BeiGene has already filed three supplemental New Drug Applications for tislelizumab in China for first-line treatment of patients with advanced squamous NSCLC in combination with chemotherapy, first-line treatment of patients with advanced non-squamous NSCLC in combination with chemotherapy, and previously treated unresectable HCC, Novartis said.

Under terms of the deal, Novartis will have development and commercialization rights in North America, Europe and Japan. BeiGene retains the rights to tislelizumab in China and other countries. BeiGene is eligible for additional milestone payments, which could bring the total investment from Novartis past the $1.5 billion mark, analysts suggest. Novartis expects the first regulatory filing for tislelizumab outside of China to occur later this year.

Susanne Schaffert, president of Novartis Oncology, said the agreement with BeiGene expands the company’s strategy of pursuing four separate approached to treating cancer. The company’s strategies are radioligand therapy, cell and gene therapy and immunotherapy.

“No other company has this range of therapeutic approaches, and the opportunity to combine them to offer the best outcomes for each patient,” Schaffert said in a statement. “Novartis has a bold ambition to reimagine medicine and find new cures for cancer and blood disorders… We are excited about collaborating with BeiGene, a leading global biotechnology company with roots in China, to bring tislelizumab to patients around the world, and pair it with our extensive portfolio and pipeline to develop transformative combination therapies for patients.”

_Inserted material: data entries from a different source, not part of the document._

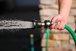 I really like this style garden hose nozzle; I have purchased several through the years (Craftsman sells at a higher price). It is well-balanced; easily shuts off completely (doesn't drip!), and you have your choice of spray patterns, from concentrated to bubbling.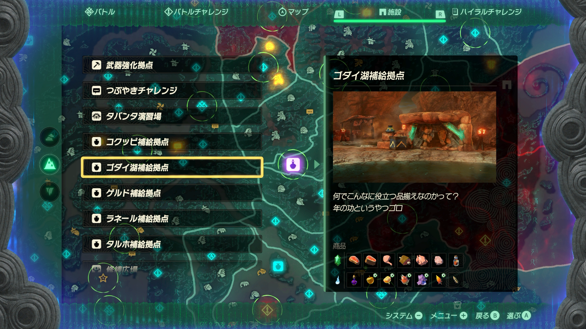 クリア後は補給地点にくるハイラルチャレンジがあるので、クリアしておくと戦闘終了後にマモノ交易所がいることがあります。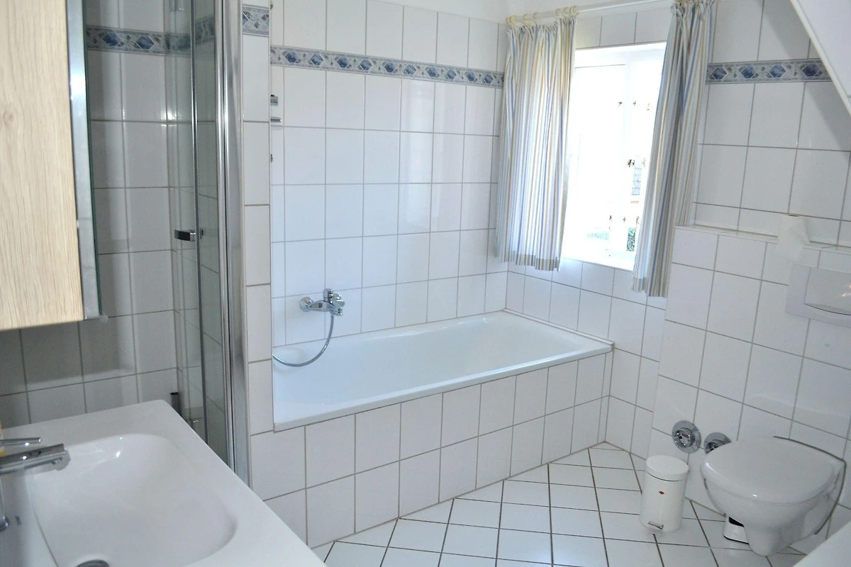 Die hochwertig eingerichtete Doppelhaushälfte bietet auf rund 125 m² Wohnfläche Platz für bis zu 7 Erwachsene und ein Kleinkind. Im Untergeschoss befinden sich eine finnische Sauna, ein Duschbad-WC sowie ein Hauswirtschaftsraum mit Waschmaschine und Trockner. Das Erdgeschoss beherbergt eine Eingangsdiele, ein Gäste-WC und eine moderne Einbauküche, die mit einem Ceran-/Induktionsfeld und Mikrowelle ausgestattet ist. Angrenzend lädt eine gehobene Esstafel für bis zu 8 Personen sowie ein gemütlicher Wohnbereich zum Verweilen ein. In der ersten Etage stehen drei Schlafräume zur Verfügung, darunter zwei mit Doppelbetten und ein Kinderzimmer. Ein weiteres Wannen-/Duschbad-WC ist ebenfalls vorhanden. Auf jeder Etage befindet sich ein TV-Gerät, und eine offene Galerie bietet Platz zum Lesen oder Entspannen. Wäschepakete sind gegen Gebühr erhältlich. Parkmöglichkeiten sind auf dem Grundstück vorhanden.
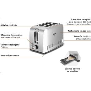 Função Cancelar, Função Re-aquecer, Função Descongelar, 7 níveis de tostagem, Capacidade para 2 torradas, Pés antiderrapantes, Coletor de migalhas, Acabamento em inox, Porta fio.Permite ejeção manual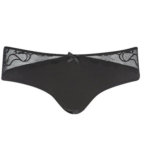 Damen Slip aus hochwertiger Microtouch-Qualität Hüftiger Sitz Spitze vorne und an den hinteren Beinausschnitten Kleine Zierschleife in der vorderen Mitte Mit eingearbeitetem Baumwollzwickel Abgesteppte Kanten Farbbezeichnung: Black Material: 90% Polyamid, 10% Elasthan ...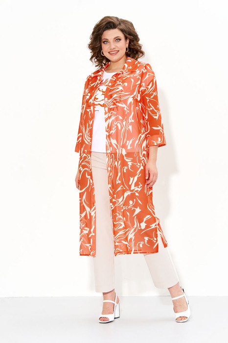 Костюм женский с брюками, футболкой и удлиненной рубашкой из шифона. Рубашка прямого силуэта со втачными рукавами и разрезами по бокам, застежка-планка на петли и пуговицы. Базовая трикотажная футболка полуприлегающего силуэта с небольшими втачными рукавами и декоративной печатью. Футболка прошла тестовую стирку при температуре 30 градусов: печать не линяет и не тяет цвет. Брюки полуприлегающего силуэта заужены к низу, притачной пояс на резинке по бокам, застежка на молнию, петлю и пуговицу, в боковых швах карманы. Уход за изделиями из шифона:

During a presentation at the 2021 J.P. Morgan Healthcare Conference on Monday, Novartis Chief Executive Officer Vas Narasimhan pointed to the number of transactions Novartis has made over the past two years to become a balanced, medicines-focused company.

“… in order to execute that journey, we've done over 80 major transactions and partnerships,” he said, according to a transcript of the presentation. “We have over 15 blockbusters in our portfolio, and we have exposure to all of the major advanced therapy platform that we believe that will shape our industry in the decades to come; cell therapy, gene therapy, radioligand, therapy, and of course, RNA technologies.”

Novartis isn’t the only western company to turn to China for checkpoint inhibitors. Last year, Pfizer took a 10% stake in CStone Pharmaceuticals to gain access to sugemalimab (CS1001), a PD-L1 antibody. CStone has been developing sugemalimab for high-incidence cancer indications in China, including lung, gastric and esophageal cancers.